Contributed by: Petu Kummala <PKummala@jfausa.com>


This DIY is for installing an auxiliary oil cooler but not any of the ready made set-ups by Cargraphics, RUF or Turbo S that you can buy with everything already engineered and fabricated.


This is more involved process since you need to cut the hoses, install the hose ends and also fabricate the bracket for the cooler and locate the spot for the cooler.

Now that I’m the guinea pig and also have spent some time to “engineer & fabricate” this, you should have little easier time and hopefully it isn’t as intimidating as it would be if you were the first one doing this.

Reward for all this DIY’ Ing is price of this whole set-up which is about $375 instead of Turbo S’ about $900. With two coolers, about $550 instead of $2000 of Cargraphics.


I’d like to thank “Old Guy” from pushing me doing this and finding the parts and also p-car.com & Kim and Bill who’ve done Oil Cooler DIY’s there.


I call the one I did now “Stage I” since this has only one auxilary cooler and little later when I’ll install another same size cooler in front of the other opening, I call it “Stage II”.

“Stage II” should have almost the same amount of cooling than the Cargraphic kit has (same capacity but little less effective cooling due to the fact that other auxilary cooler’s warmed air goes to the original cooler) and you are saving about $1500 for other Porsche modifications!
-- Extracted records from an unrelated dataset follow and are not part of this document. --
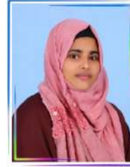
റഘു. എ. കെ വാർഡ് 13
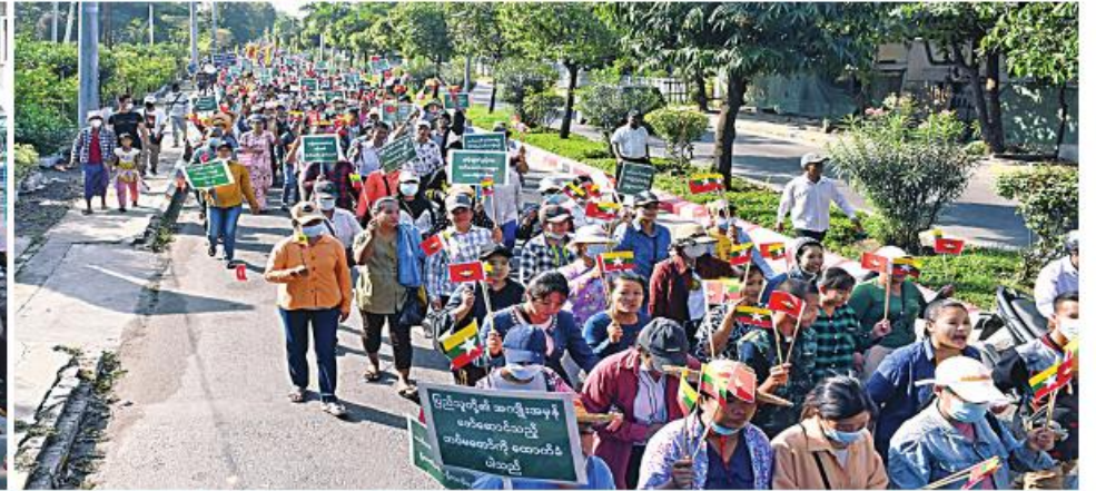
မန္တလေးမြို့နှင့်ပြင်ဦးလွင်မြို့တို့၌ ငြိမ်းချမ်းရေးလိုလားသည့် ပြည်သူများက နိုင်ငံတော်ကာကွယ်ရေးနှင့်လုံခြုံရေးတာဝန်များကို စွမ်းစွမ်းတမ်းတမ်းဆောင်ရွက်သည့် တပ်မတော်သားများ၊ မြန်မာနိုင်ငံရဲတပ်ဖွဲ့ဝင်များ၊ ပြည်သူ့စစ်များနှင့် ၎င်းတို့၏မိသားစုဝင်များအားလုံးကို ထောက်ခံပွဲကျင်းပစဉ်။

★ ကျောပုံ၊ မုအဆက် PDF အမည်ခံ အကြမ်းဖက်လက်နက်ကိုင် သောင်းကျန်းသူများအား ဆန့်ကျင်ရှုတ်ချပြီး နိုင်ငံတော်ကာကွယ်ရေးနှင့် လုံခြုံရေးတာဝန်များကို ထမ်းဆောင်နေကြသည့် တပ်မတော်သားများအား ထောက်ခံအားပေးပွဲကို ကျင်းပပြုလုပ်သည်။ ဦးစွာ မန္တလေးမြို့အတွင်းရှိ ငြိမ်းချမ်းရေးကို လိုလားသည့် သံဃာတော်များနှင့် ပြည်သူ့အင်အား ၂၀၀၀ ကျော်သည် စုရပ်နေရာဖြစ်သည့် မန္တလေးတိုင်းဒေသကြီးအောင်မြေသာစံမြို့နယ် ကျောက်တော်ကြီးဘုရားရှေ့ ၆၆ လမ်းပေါ်တွင် စုစည်း၍ ၎င်းမှတစ်ဆင့် နန်းမြို့ ကျေးဘေး ၁၂ လမ်းတစ်လျှောက်၊ ထိုမှတစ်ဆင့် ၇၃ လမ်းအတိုင်း၎င်းမှတစ်ဆင့် မန္တလေးတောင်ခြေရှိ ရွှေမန်းတောင်လူငယ်အားကစားလေ့ကျင့်ရေးစခန်းတွင်းအတွင်းသို့ ချီတက်၍ လမ်းတစ်လျှောက် အကြမ်းဖက်လက်နက်ကိုင် သောင်းကျန်းသူများအား ဆန့်ကျင်ရှုတ်ချပြီး တပ်မတော်သားများကို ထောက်ခံအားပေးသည့် ကြွေးကြော်သံများတစ်ကြွေး၍ ဆန္ဒထုတ်ဖော်ကြသည်။ ထို့နောက် ရွှေမန်းတောင်လူငယ်အားကစားလေ့ကျင့်ရေးစခန်းတွင်းအတွင်း အမျိုးသားရေး တက်ကြွလှုပ်ရှားသူများက နိုင်ငံတော်သီချင်းကို ဖွင့်လှစ်ခဲ့ပြီး အစွန်းရောက် အကြမ်းဖက်သမားများ၏ ယုတ်မာကောက်ကျစ်မှုများ၊ အကြမ်းဖက်သတ်ဖြတ်မှုများ၊ အကြမ်းဖက်လုပ်ရပ်များနှင့် ပတ်သက်၍ အမျိုးသားရေး တက်ကြွလှုပ်ရှားသူများက ရှင်းလင်းဟောပြောခြင်းကို ဆက်လက်
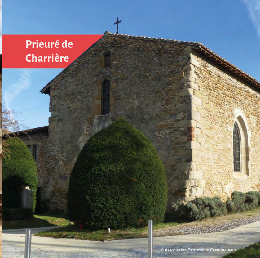
Prieuré de Charrière
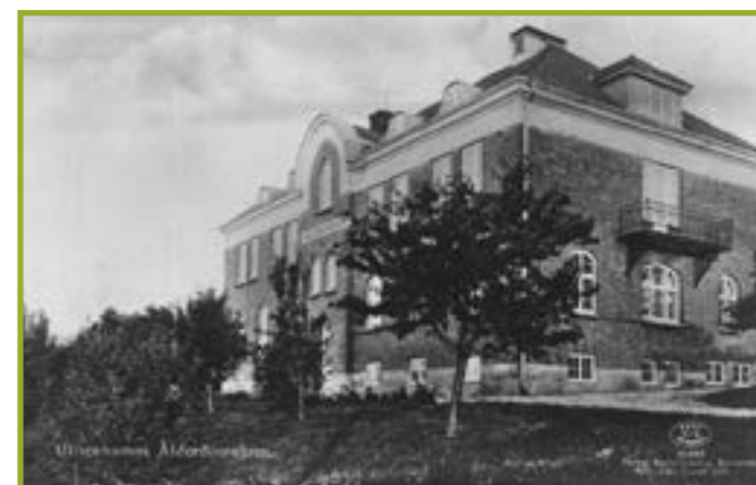
Ett senare foto märkt "Ulricehamns ålderdomshem". Två dominerande detaljer på den södra gaveln är takkupan till vindsrummet och piskbalkongen på plan 2 i kvinnornas bostadsavdelning.
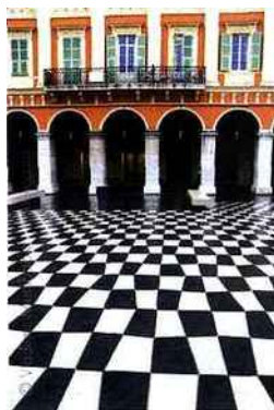
La « Tête carrée » de Sosno entrees de plage rococos ou design, une ville mille feuilles
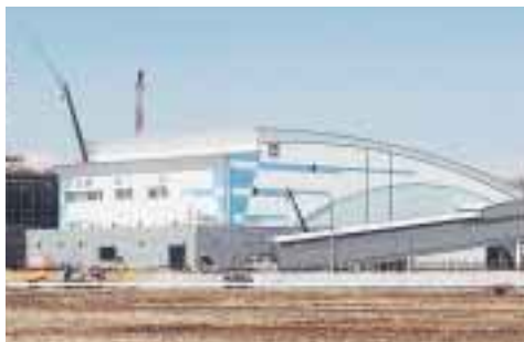
工場棟のリサイクル館

環境にやさしい循環型社会を目指した施設「リサイクルプラザ」がきょう下花輪にオープンします。 資源物を分別処理する工場棟の「リサイクル館」と、ごみの減量や資源化についての学習や実習が行える啓発棟の「プラザ館」の二棟からなる施設です。
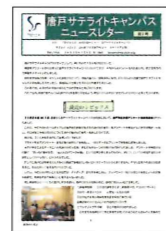
唐戸サテライト キャンパス
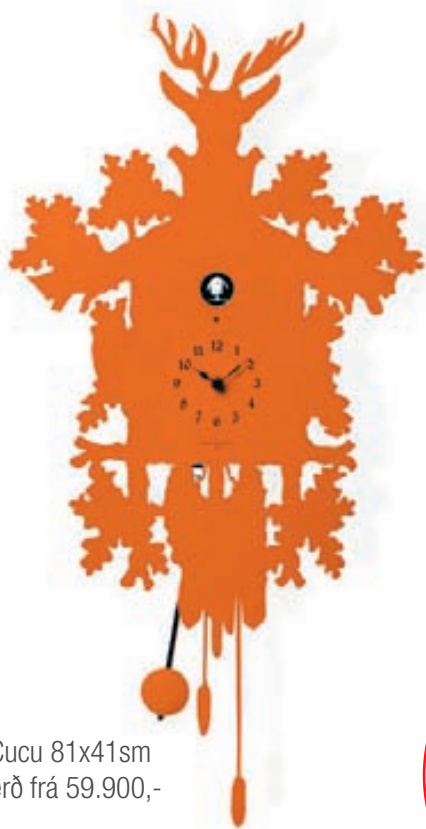
Cucu 81x41sm verð frá 59.900,-

I used that money for RS aero parts and painting them.


Little warning, I’m pretty sure fitting cooler in this location, with oil line fittings on top won’t fit if you have fog lights but using fittings on bottom in my opinion is not good idea because then the cooler might not fill up completely when the oil goes through.


Another word of caution, if you use measures, locations & other details explained here and screw up in some way; cooler or something else doesn’t fit, your motor or something else gets somehow fu*ked up, don’t blame me, you are doing this on your own responsibility. It worked in my car but maybe your car is different…


STAGE I Part List:


·         1 pc. 30mm to AN12 metric thread male to AN adapter male (Earl's (http://www.holley.com/earlsplumbing/) #9919GFR)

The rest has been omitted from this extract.